Blog

Breaking the Limits: How Folia Made 1,000 Player Minecraft Server a Reality

Check out the impressive results of the large-scale Folia test that took place on June 18th, 2023. Learn more about our findings and technical challenges in this post.

Introduction

Folia emerges as a promising fork of Paper, boasting an innovative implementation of regionalized multithreading on the server. Traditional Minecraft servers have always faced limitations when it came to player capacity, often struggling to support more than a few hundred players at a time.

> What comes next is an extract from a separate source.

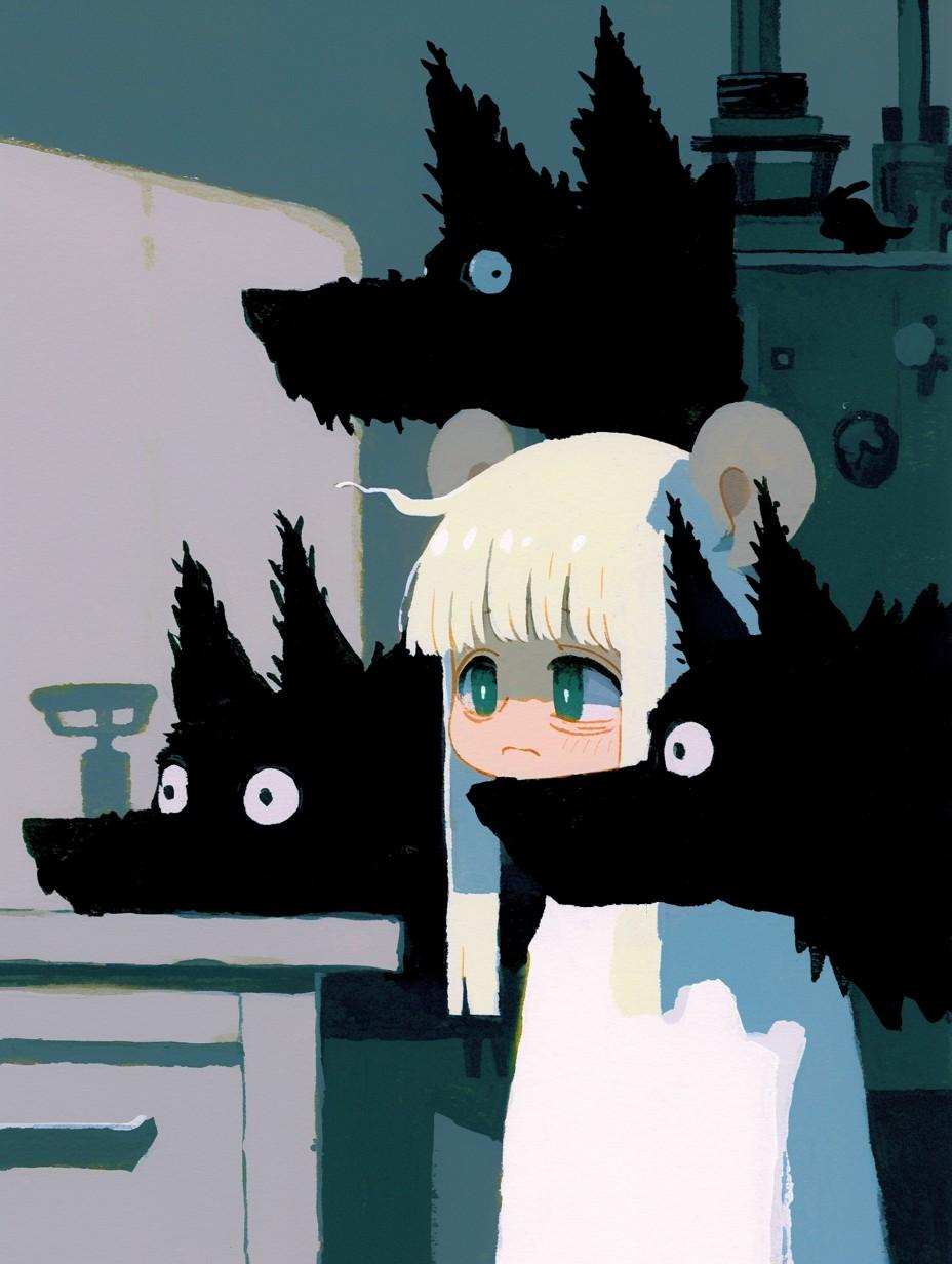 森の中のお茶会をテーマに、はちみつティーを飲む、くまガールのイメージ☕
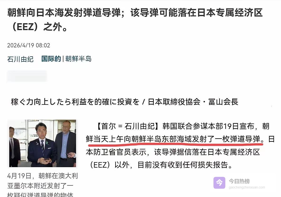 4月19日清晨6点10分,朝鲜从咸镜南道新浦一带向日本海发射了数枚弹道导弹。 导弹飞行约140公里,飞行时间大约10分钟,落在了朝鲜半岛东岸附近。 韩媒报道称,发射的可能是潜射弹道导弹——新浦恰恰是朝鲜最大的潜艇基地,也是潜射导弹研发与试验的核心区域。 如果确认是潜射,意味着朝鲜的水下核威慑能力已经恢复战备,潜艇可以在日本反导系统够不着的地方突然发动攻击。 这可是朝鲜2026年以来第7次弹道导弹发射,仅仅4月内就干了4次,频率明显加快-。

This is because Minecraft servers primarily rely on a single thread to handle all game logic and player interactions. 

Myself, Spottedleaf, and Michael conducted this test to evaluate and analyze Folia's performance and stability under various conditions. We would like to thank Tubbo for streaming this test event.

Our Test

We wanted to conduct a test with Folia and see how it can perform on “regular” hardware and configurations. The previous public test ran on absurdly powerful hardware, which would not be realistic in many of the use cases. However, it's important to note that this test only provides a glimpse into the potential of Folia and its regionalized multithreading capabilities.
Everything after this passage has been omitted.